Hello,
We're looking for a way to add some kind of cross-control between an application and the TLS tunnelling tool that protects the data. I'll give an example, that may be easier to understand.
My BigDatabase has it's login/password authentication process. Since my customers want to access the database through bad Internet, we set up a SSL/TLS frontend. Each customer has his own X509 certificate, with all proper bells and jingles in it. The frontend checks the certificate (CA sig, validity, revocation, etc.) and then, as it should, passes the unencrypted flow to the application.

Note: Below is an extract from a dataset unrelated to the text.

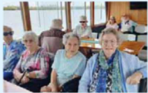
All aboard: Local Mareeba Aged Care residents aboard the Clarence River Ferry last week for a history tour of the local region.

provided for residents aboard the ferry including the history of the Clarence River and Maclean. Mareeba Aged Care, located in Maclean regu-

There is no way (or, rather, we have not found any way) to cross-check that the certificate AND the requested, application-level login, are linked together. This means that my evil neighbour, which bribed my gullible cat to get my login and password, could connect to my account (app-level auth) using his X509 cert (TLS tunnel auth).
We would like to perform this cross-check between X509 certificate AND application-level auth.
From our point of view, this means that we need to "extract and send" some
parts of the certificate (DN, validity dates, etc.) to some secondary tool/proxy. This one will check if the data is coherent wrt application credentials.
M. Henrik Riomar sent a patch (http://www.stunnel.org/pipermail/stunnel-users/2012-October/003909.html) on the list last october that is one step closer to what we are looking for. We could build from it.
Maybe some of you have already solved this kind of problem, or know of a tool that answer to this kind of needs ?
Tia,
On Tue, 15 Jan 2013 14:16:55 +0100 "Pierre-Yves Bonnetain" py.bonnetain@ba-consultants.fr wrote:
My BigDatabase has it's login/password authentication process. Since my customers want to access the database through bad Internet, we set up a SSL/TLS frontend. Each customer has his own X509 certificate, with all proper bells and jingles in it. The frontend checks the certificate (CA sig, validity, revocation, etc.) and then, as it should, passes the unencrypted flow to the application.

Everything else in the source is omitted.